Gunbattles between rival gangs killed 18 people in a northeastern Mexican town on Monday, a day after seven police officers and an inmate died in an ambush of a convoy transporting prisoners in western Mexico.
The fighting in the town of Abasolo erupted on Monday morning and left at least 18 people dead, the Tamaulipas state government said in three-sentence statement that offered no details. The shooting came a month after shootings in the nearby town of Padilla also killed 18 people, several of them innocent bystanders.
Tamaulipas has been wracked by a turf war between the Zetas and Gulf cartels, and information on violence in some of the smaller towns is notoriously scarce. Often official confirmation does not come for hours or days, leaving residents to cower in their homes and communicate through social media.
Photo: AFP
Tamaulipas residents sent Twitter messages about Monday’s shootings hours before the government confirmed the bloodshed. Some tweets warned people to stay indoors and others demanded official information.
Under constant threat from drug gangs, the Tamaulipas state media often ignore drug-gang violence completely.
In northwestern Sinaloa state, meanwhile, gunmen swarmed a convoy transporting two prisoners, shredding three police vehicles with bullets and killing seven officers and one inmate, Sinaloa Attorney General Marco Antonio Higuera said on Monday. Six officers and the second inmate were wounded.
Attackers traveling in about 20 vehicles caught the police convoy in a crossfire on Sunday near the city of Guasave, Higuera said.
“The patrol vehicles were destroyed. It was practically a massacre,” Higuera said. “Initial reports indicate there were 1,200 shell casings at the scene.”
The three state police patrol vehicles were traveling to the state capital of Culiacan when they came under fire from attackers who apparently lay in wait on a highway. Higuera said the officers fought off a first attack, but were later caught in concentrated fire from a larger number of vehicles.
Federal police, meanwhile, said a newly captured leader of the Zetas drug cartel revealed it has a non-aggression pact with three other gangs — the Juarez, Beltran Leyva and Arellano Felix organizations. While the four gangs are not known recently to have been fighting major turf wars with each other, it was the first mention of a formal truce between them.

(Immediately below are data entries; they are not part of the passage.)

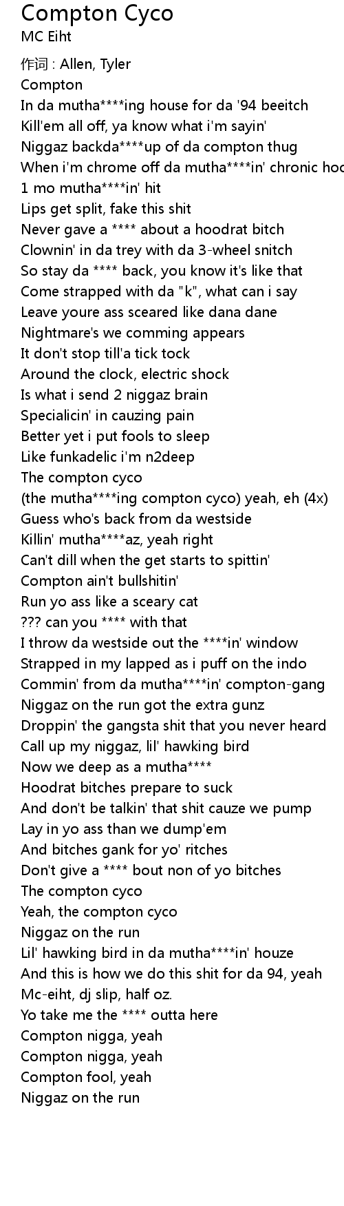 | (the mutha****ing compton cyco) yeah, eh (4x) | |
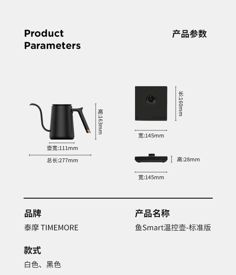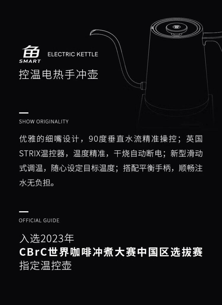 Taimo Fish smart temperature-controlled hand brewing kettle household temperature-controlled electric kettle thin mouth hand brewing coffee pot 600ML
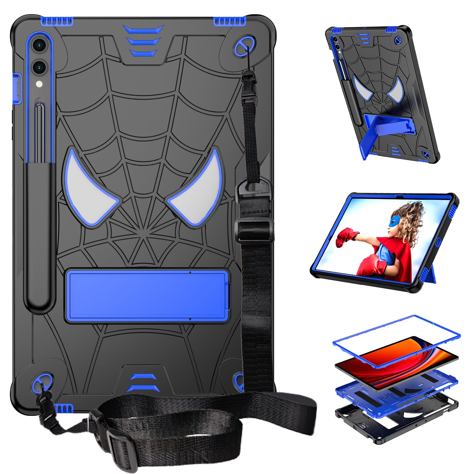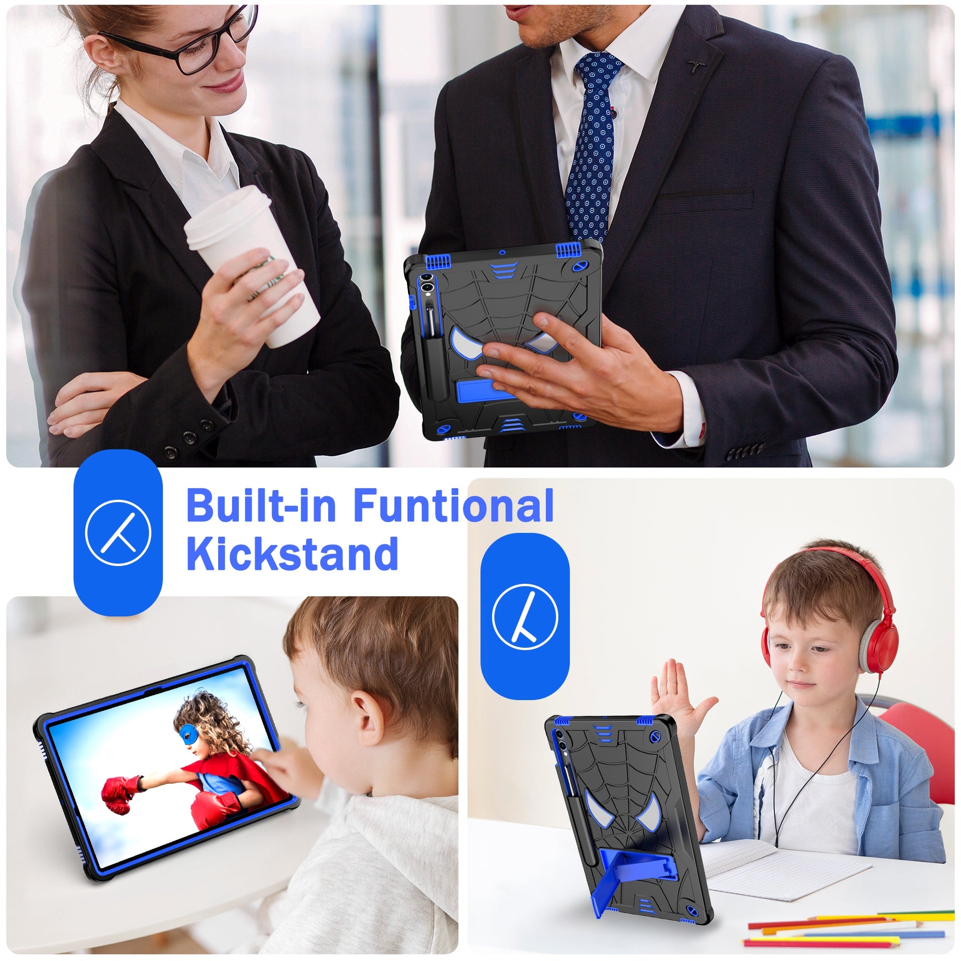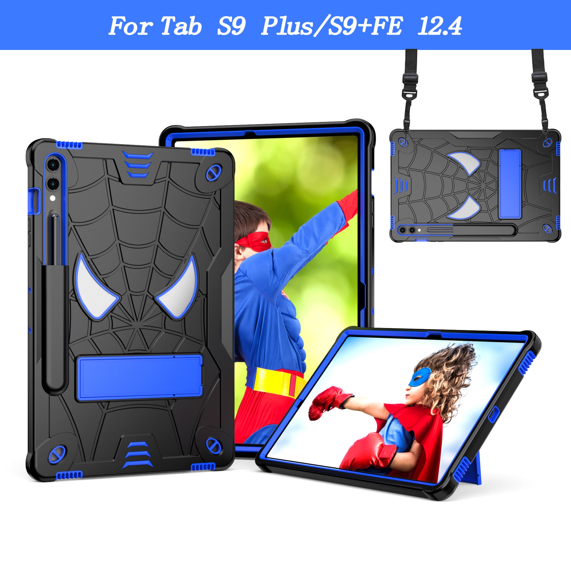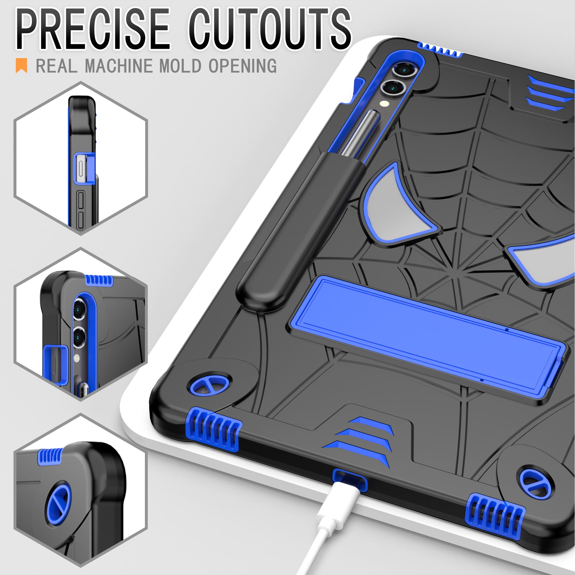 For Samsung Galaxy Tab S9+ / Tab S9 FE+ Kickstand Tablet Case Spider Style Shockproof Cover - Black+Blue
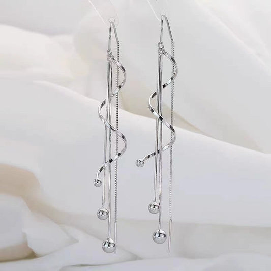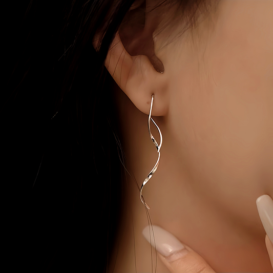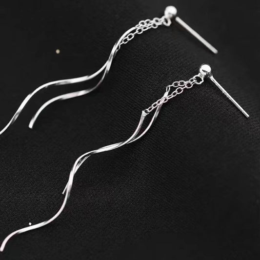 Sterling Silver Wavy S-Shaped Threader Earrings
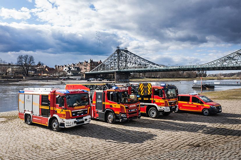 Feuerwehreinsätze ohne die notwendige Fahrzeugtechnik sind undenkbar. Personal und Gerät müssen zweckmäßig und schnell vor Ort gebracht werden. Die Ausstattung muss dabei einen hohen Einsatzwert aufweisen. In den vergangenen Jahren wurden zahlreiche neue Einsatzfahrzeuge für die Berufsfeuerwehr, die Stadtteilfeuerwehren und den Rettungsdienst beschafft. Die Dresdner Feuerwehr zählt damit zu den modernsten und am besten ausgerüstesten Feuerwehren in der Bundesrepublik.
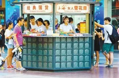 上海南京东路步行街,不少顾客在专卖“雪花膏”化妆品的小商铺挑选化妆品。
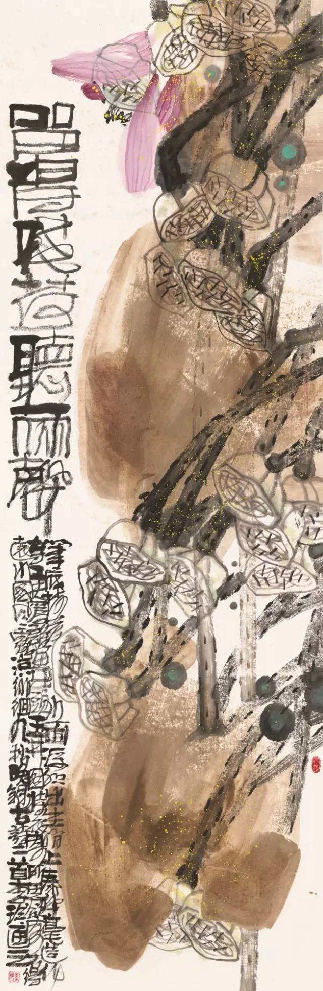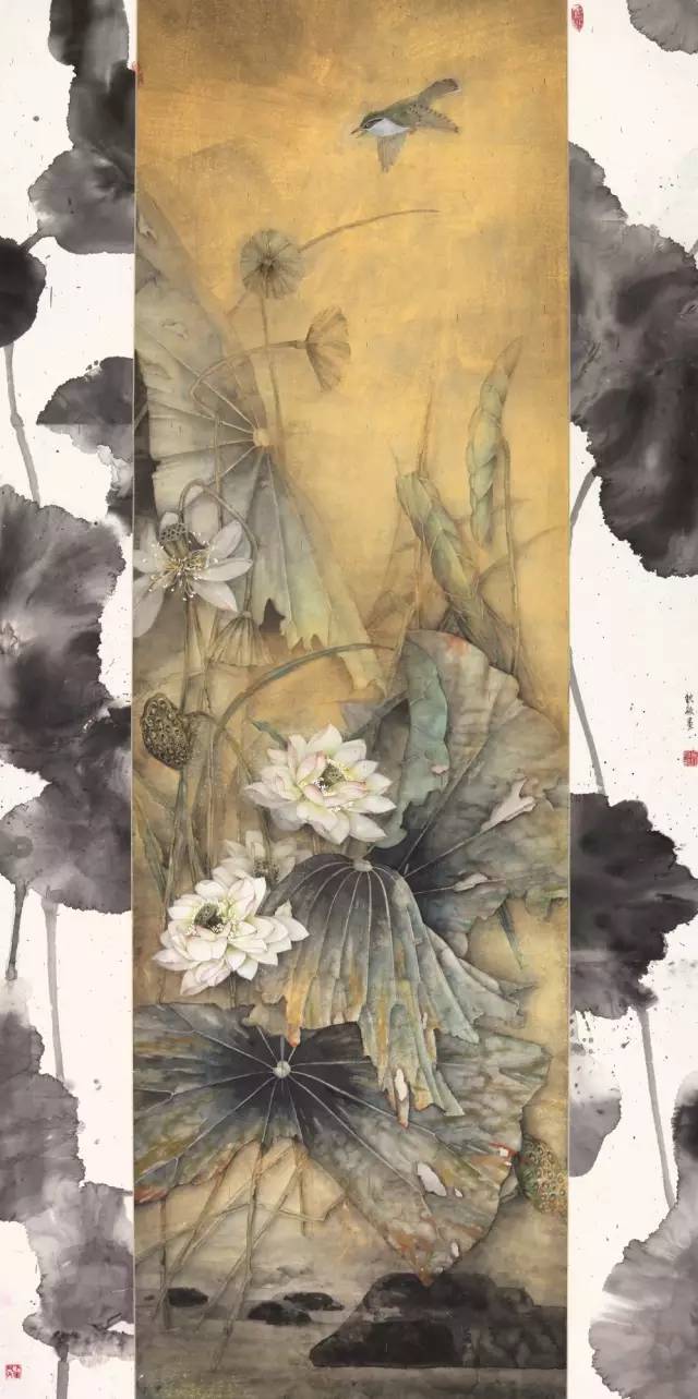 入选作品:李玲《留得残荷听雨声》197cm×64cm

The alleged Zetas leader, Marcos Carmona Hernandez, was arrested on Monday in the southern state of Oaxaca, said Ramon Pequeno, the federal police anti-narcotics chief.
Hernandez, 29, allegedly took over command of Zetas operations in Oaxaca after the Jan. 17 arrest of his reputed predecessor, Flavio Mendez Santiago. Pequeno said Hernandez is suspected of several kidnappings and murders and allegedly had the collaboration of corrupt state and municipal police.
Pequeno said Hernandez revealed the non-aggression pact to police, the latest insight into Mexico’s drug underworld of shifting alliances.
The agreement, however, appeared to be confirmation of reality more than a game-changer. The four gangs in the pact have a common enemy: the powerful Sinaloa cartel led by Joaquin “El Chapo” Guzman, one of the world’s most-wanted drug lords.
Jorge Chabat, a Mexican expert on the drug trade, said the pact would be difficult to corroborate,but was not surprising.
“It’s normal that the cartels seek at certain times to ally themselves because it would be irrational to fight against everybody,” he said.
Pequeno did not say when the gangs reportedly agreed to their truce.